Task directions: Copy the lines below exactly, starting at the one with "Note that it's" and ending at the one with "Découvrez la table", and leave out any picture.

(Records from a collection)

[Start of Attachment]

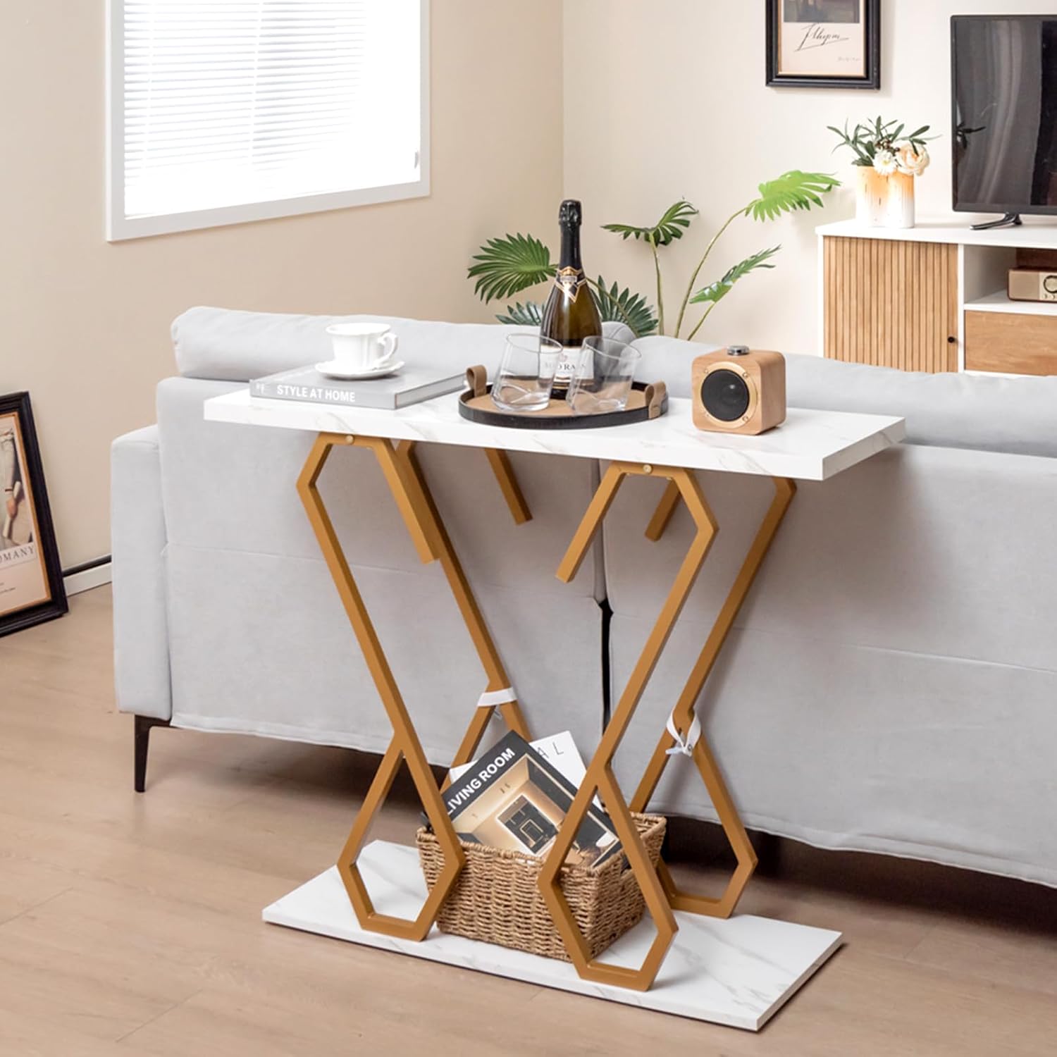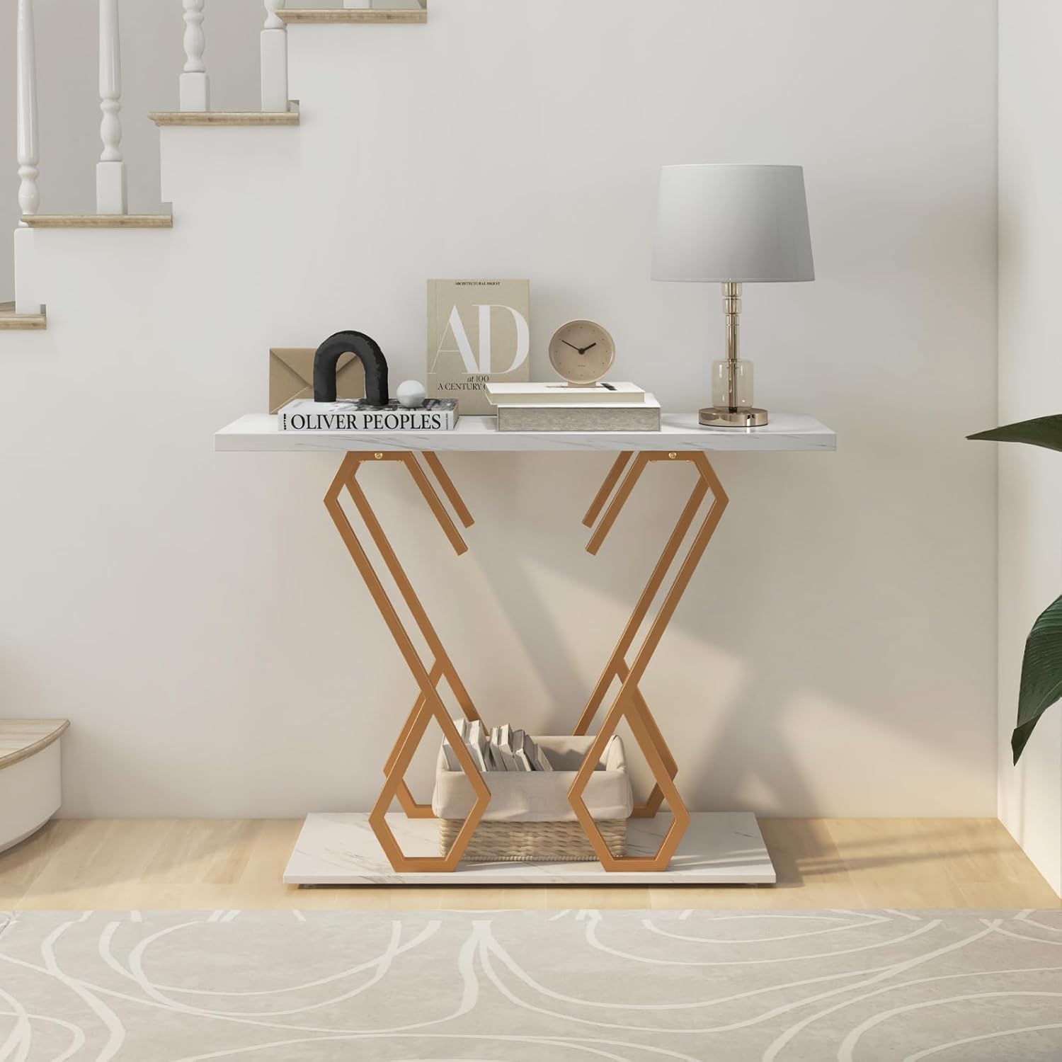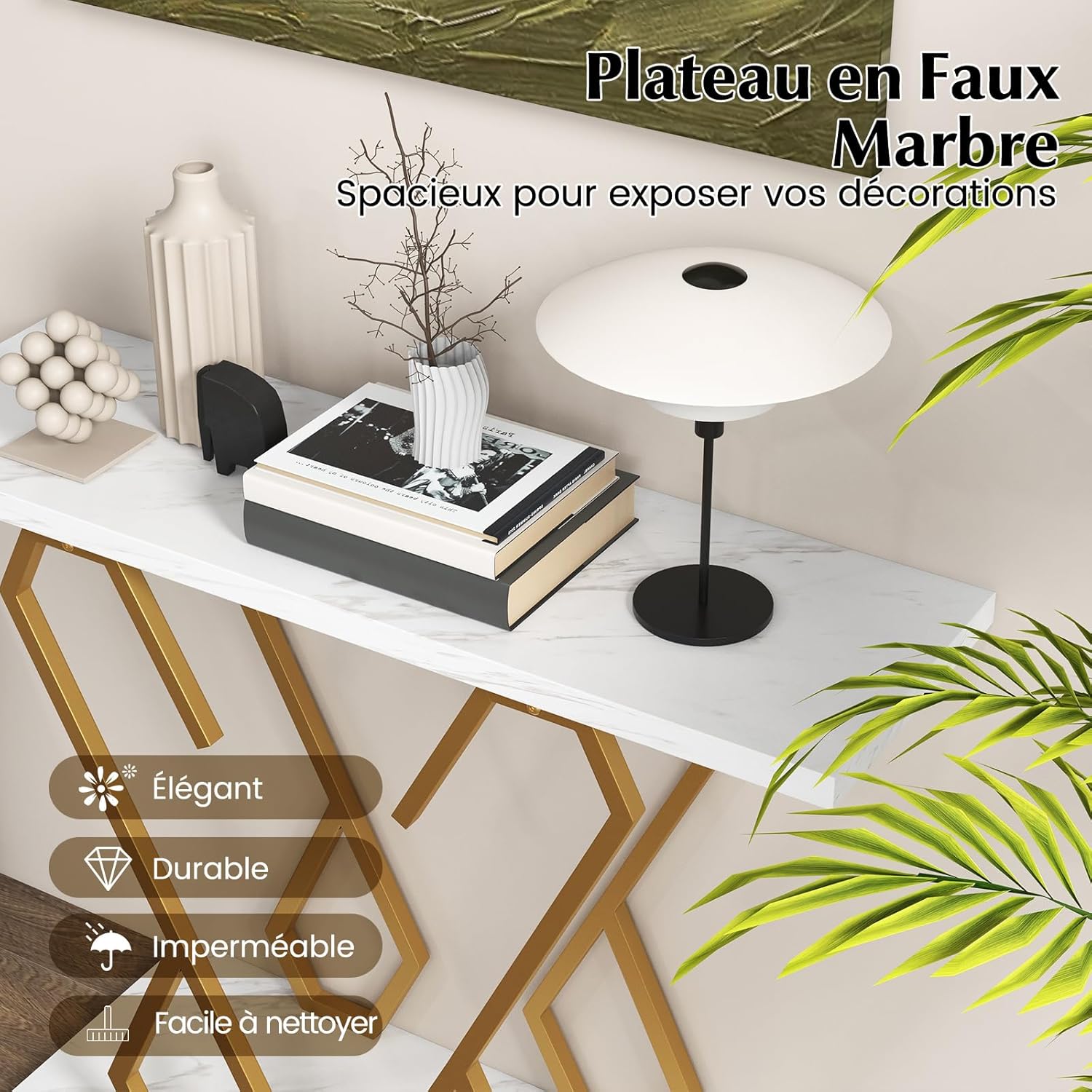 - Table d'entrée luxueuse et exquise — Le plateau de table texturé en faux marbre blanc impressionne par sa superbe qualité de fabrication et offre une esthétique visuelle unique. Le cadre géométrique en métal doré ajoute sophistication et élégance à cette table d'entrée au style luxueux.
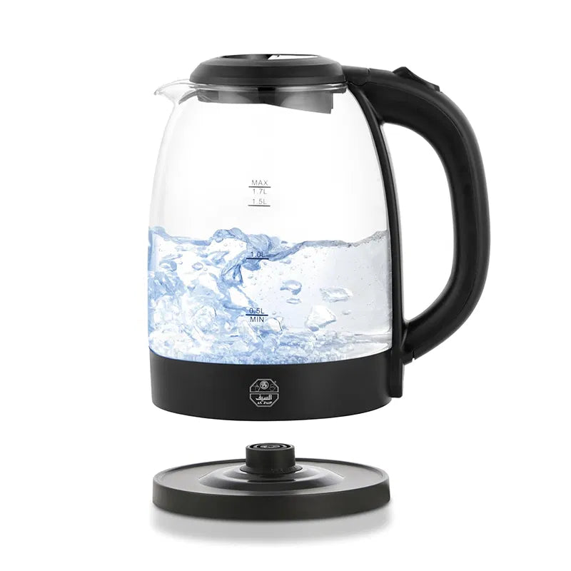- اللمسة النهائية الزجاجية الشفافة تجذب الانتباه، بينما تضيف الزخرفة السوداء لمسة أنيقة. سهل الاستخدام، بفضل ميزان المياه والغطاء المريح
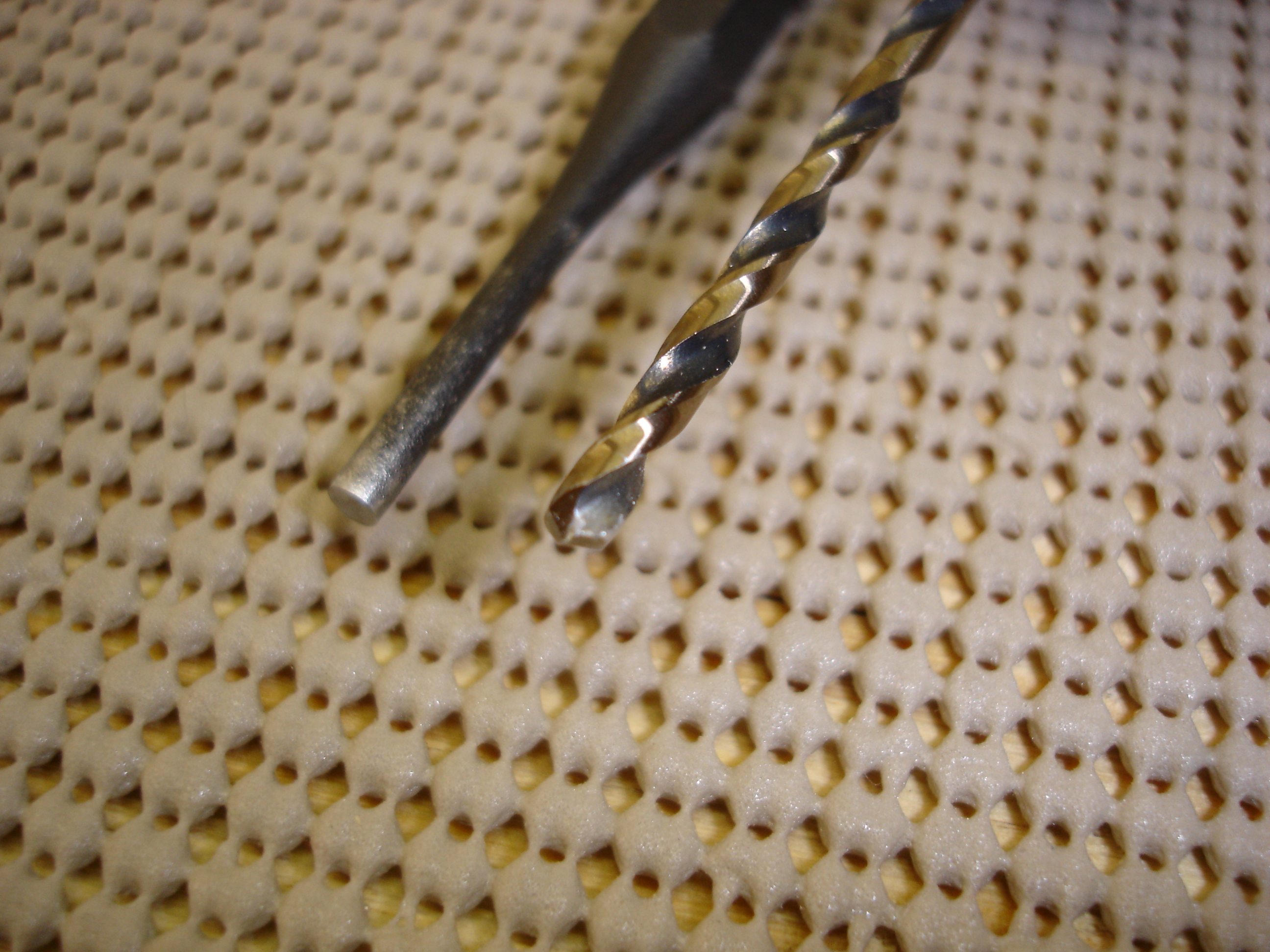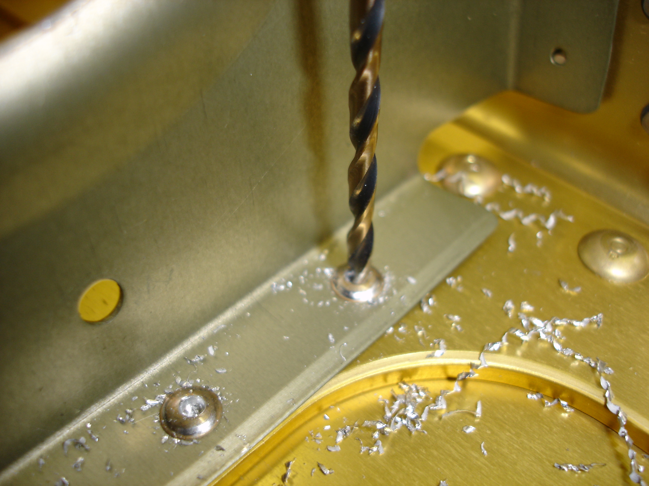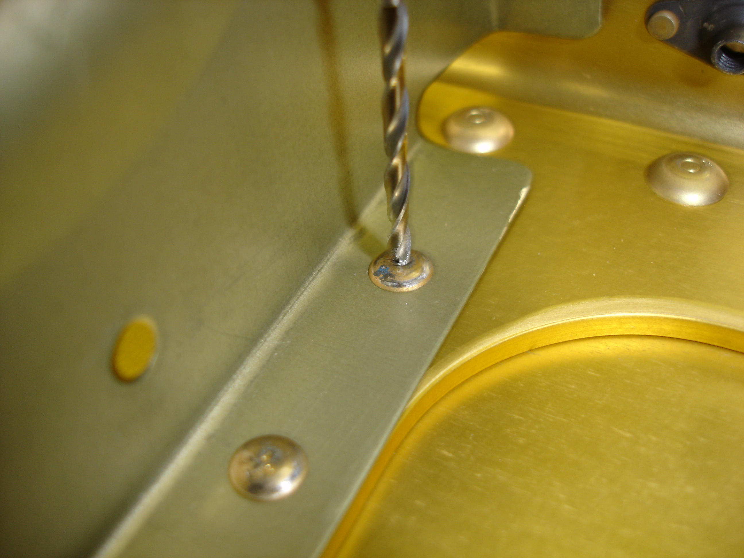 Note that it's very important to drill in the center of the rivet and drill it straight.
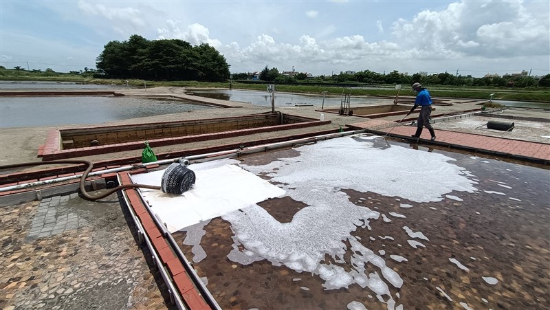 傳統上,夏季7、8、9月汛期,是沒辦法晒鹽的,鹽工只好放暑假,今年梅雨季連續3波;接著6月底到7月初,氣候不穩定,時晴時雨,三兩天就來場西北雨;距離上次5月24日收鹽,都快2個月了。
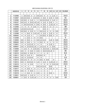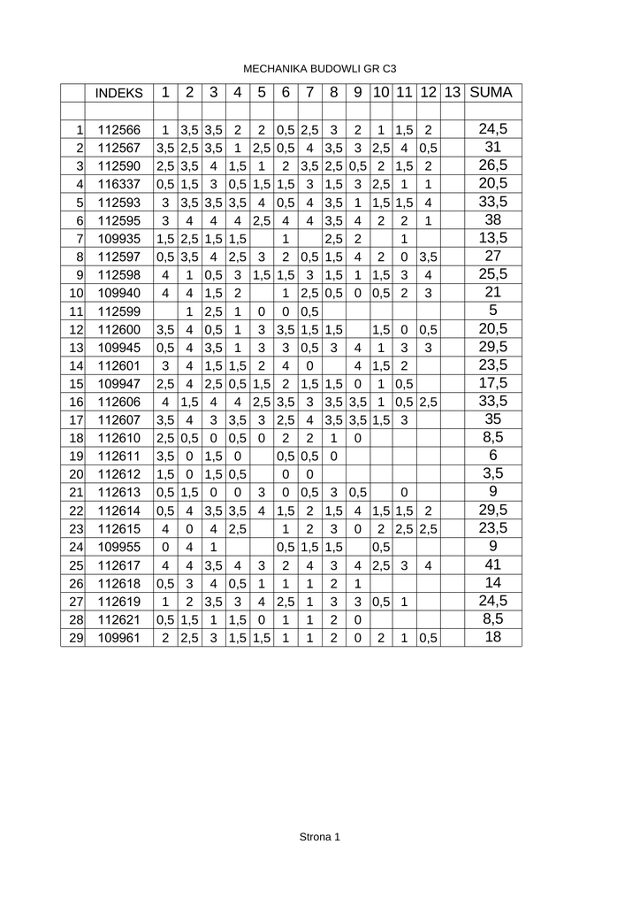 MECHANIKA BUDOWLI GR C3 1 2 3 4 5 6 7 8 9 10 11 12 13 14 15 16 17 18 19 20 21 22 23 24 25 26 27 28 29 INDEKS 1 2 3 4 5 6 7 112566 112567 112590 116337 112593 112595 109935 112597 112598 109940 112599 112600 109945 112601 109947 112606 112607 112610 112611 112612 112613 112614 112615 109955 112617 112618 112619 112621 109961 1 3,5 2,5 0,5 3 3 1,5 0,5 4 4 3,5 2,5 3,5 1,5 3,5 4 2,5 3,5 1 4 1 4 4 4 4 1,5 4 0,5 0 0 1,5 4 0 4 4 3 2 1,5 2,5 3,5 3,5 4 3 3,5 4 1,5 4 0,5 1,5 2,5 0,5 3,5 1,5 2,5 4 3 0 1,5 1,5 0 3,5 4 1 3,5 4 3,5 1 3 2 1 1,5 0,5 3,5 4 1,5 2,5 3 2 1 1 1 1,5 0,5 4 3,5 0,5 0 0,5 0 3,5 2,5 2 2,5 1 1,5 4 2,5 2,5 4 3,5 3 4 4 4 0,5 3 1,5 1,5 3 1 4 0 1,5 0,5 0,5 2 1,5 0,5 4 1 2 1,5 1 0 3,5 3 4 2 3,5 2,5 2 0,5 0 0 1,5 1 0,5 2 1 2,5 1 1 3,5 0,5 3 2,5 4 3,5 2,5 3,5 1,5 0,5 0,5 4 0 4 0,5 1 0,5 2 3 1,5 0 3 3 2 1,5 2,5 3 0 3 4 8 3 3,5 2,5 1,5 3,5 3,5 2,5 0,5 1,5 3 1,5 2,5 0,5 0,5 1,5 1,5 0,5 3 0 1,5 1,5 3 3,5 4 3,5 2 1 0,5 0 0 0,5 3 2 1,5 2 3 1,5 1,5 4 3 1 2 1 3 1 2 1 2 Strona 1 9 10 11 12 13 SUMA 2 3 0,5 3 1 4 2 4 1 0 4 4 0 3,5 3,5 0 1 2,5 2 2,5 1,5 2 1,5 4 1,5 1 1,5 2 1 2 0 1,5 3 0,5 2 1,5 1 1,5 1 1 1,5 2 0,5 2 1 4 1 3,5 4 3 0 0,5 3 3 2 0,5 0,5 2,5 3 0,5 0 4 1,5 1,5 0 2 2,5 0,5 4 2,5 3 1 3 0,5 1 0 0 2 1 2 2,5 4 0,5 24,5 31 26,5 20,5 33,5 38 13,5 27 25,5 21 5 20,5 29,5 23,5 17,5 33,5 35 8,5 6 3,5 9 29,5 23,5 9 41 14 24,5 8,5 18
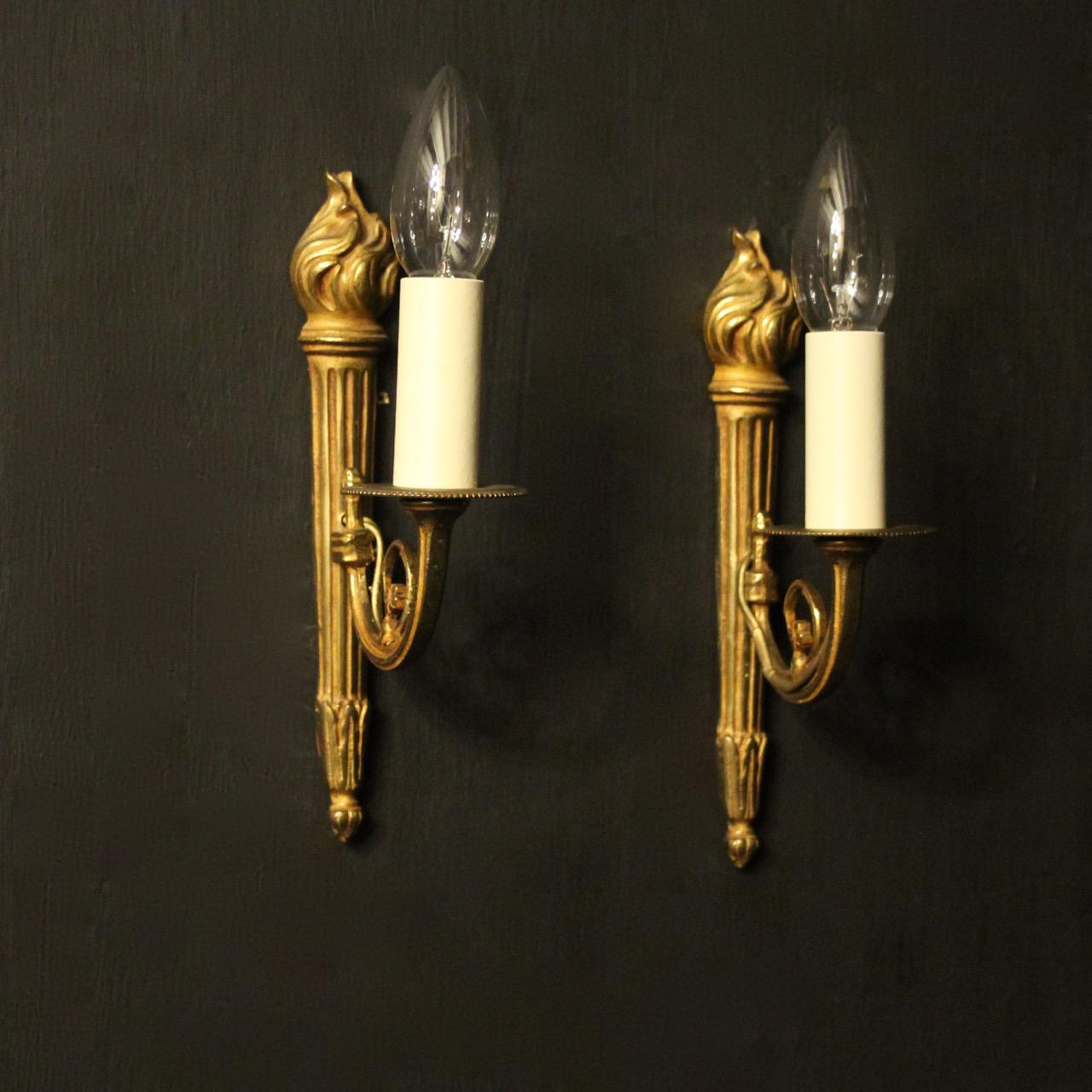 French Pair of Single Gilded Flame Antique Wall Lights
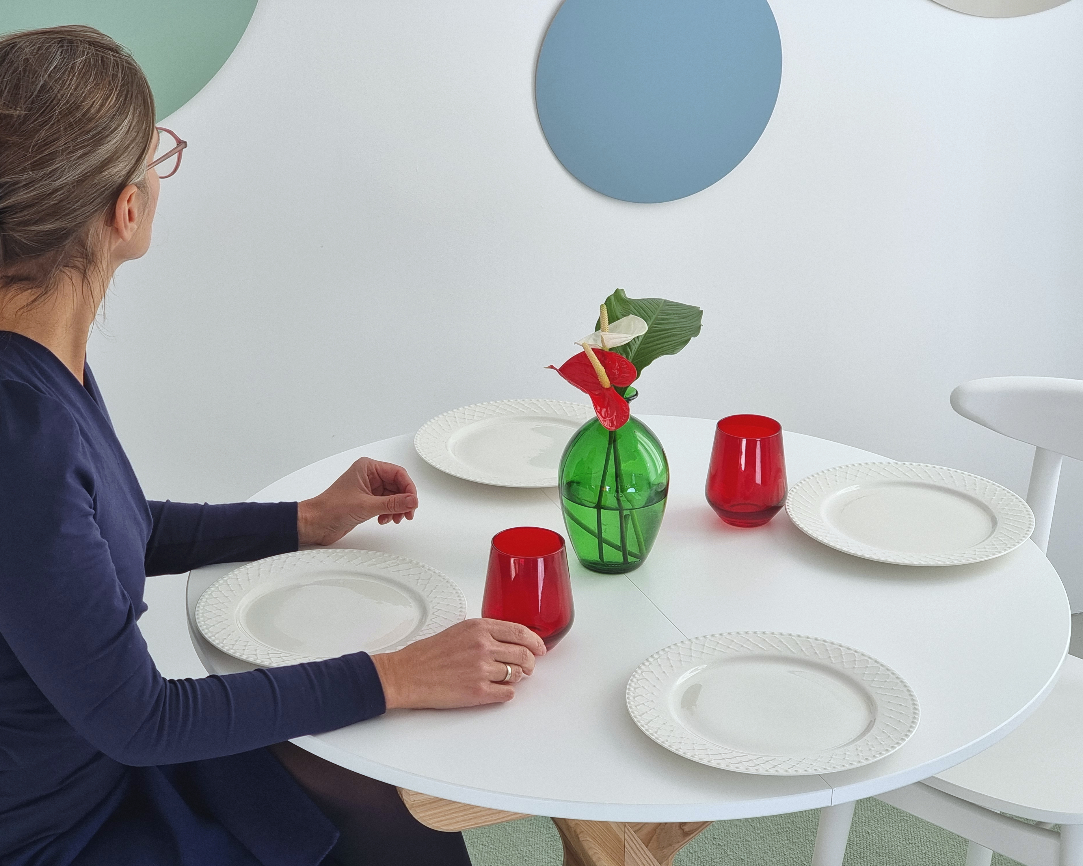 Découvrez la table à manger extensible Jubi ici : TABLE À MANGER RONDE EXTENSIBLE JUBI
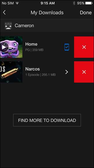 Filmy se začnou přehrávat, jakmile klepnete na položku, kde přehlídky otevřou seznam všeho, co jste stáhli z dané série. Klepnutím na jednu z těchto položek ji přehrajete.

[End of Attachment]

Worked solution:
 Note that it's very important to drill in the center of the rivet and drill it straight.
 傳統上,夏季7、8、9月汛期,是沒辦法晒鹽的,鹽工只好放暑假,今年梅雨季連續3波;接著6月底到7月初,氣候不穩定,時晴時雨,三兩天就來場西北雨;距離上次5月24日收鹽,都快2個月了。
 MECHANIKA BUDOWLI GR C3 1 2 3 4 5 6 7 8 9 10 11 12 13 14 15 16 17 18 19 20 21 22 23 24 25 26 27 28 29 INDEKS 1 2 3 4 5 6 7 112566 112567 112590 116337 112593 112595 109935 112597 112598 109940 112599 112600 109945 112601 109947 112606 112607 112610 112611 112612 112613 112614 112615 109955 112617 112618 112619 112621 109961 1 3,5 2,5 0,5 3 3 1,5 0,5 4 4 3,5 2,5 3,5 1,5 3,5 4 2,5 3,5 1 4 1 4 4 4 4 1,5 4 0,5 0 0 1,5 4 0 4 4 3 2 1,5 2,5 3,5 3,5 4 3 3,5 4 1,5 4 0,5 1,5 2,5 0,5 3,5 1,5 2,5 4 3 0 1,5 1,5 0 3,5 4 1 3,5 4 3,5 1 3 2 1 1,5 0,5 3,5 4 1,5 2,5 3 2 1 1 1 1,5 0,5 4 3,5 0,5 0 0,5 0 3,5 2,5 2 2,5 1 1,5 4 2,5 2,5 4 3,5 3 4 4 4 0,5 3 1,5 1,5 3 1 4 0 1,5 0,5 0,5 2 1,5 0,5 4 1 2 1,5 1 0 3,5 3 4 2 3,5 2,5 2 0,5 0 0 1,5 1 0,5 2 1 2,5 1 1 3,5 0,5 3 2,5 4 3,5 2,5 3,5 1,5 0,5 0,5 4 0 4 0,5 1 0,5 2 3 1,5 0 3 3 2 1,5 2,5 3 0 3 4 8 3 3,5 2,5 1,5 3,5 3,5 2,5 0,5 1,5 3 1,5 2,5 0,5 0,5 1,5 1,5 0,5 3 0 1,5 1,5 3 3,5 4 3,5 2 1 0,5 0 0 0,5 3 2 1,5 2 3 1,5 1,5 4 3 1 2 1 3 1 2 1 2 Strona 1 9 10 11 12 13 SUMA 2 3 0,5 3 1 4 2 4 1 0 4 4 0 3,5 3,5 0 1 2,5 2 2,5 1,5 2 1,5 4 1,5 1 1,5 2 1 2 0 1,5 3 0,5 2 1,5 1 1,5 1 1 1,5 2 0,5 2 1 4 1 3,5 4 3 0 0,5 3 3 2 0,5 0,5 2,5 3 0,5 0 4 1,5 1,5 0 2 2,5 0,5 4 2,5 3 1 3 0,5 1 0 0 2 1 2 2,5 4 0,5 24,5 31 26,5 20,5 33,5 38 13,5 27 25,5 21 5 20,5 29,5 23,5 17,5 33,5 35 8,5 6 3,5 9 29,5 23,5 9 41 14 24,5 8,5 18
 French Pair of Single Gilded Flame Antique Wall Lights
 Découvrez la table à manger extensible Jubi ici : TABLE À MANGER RONDE EXTENSIBLE JUBI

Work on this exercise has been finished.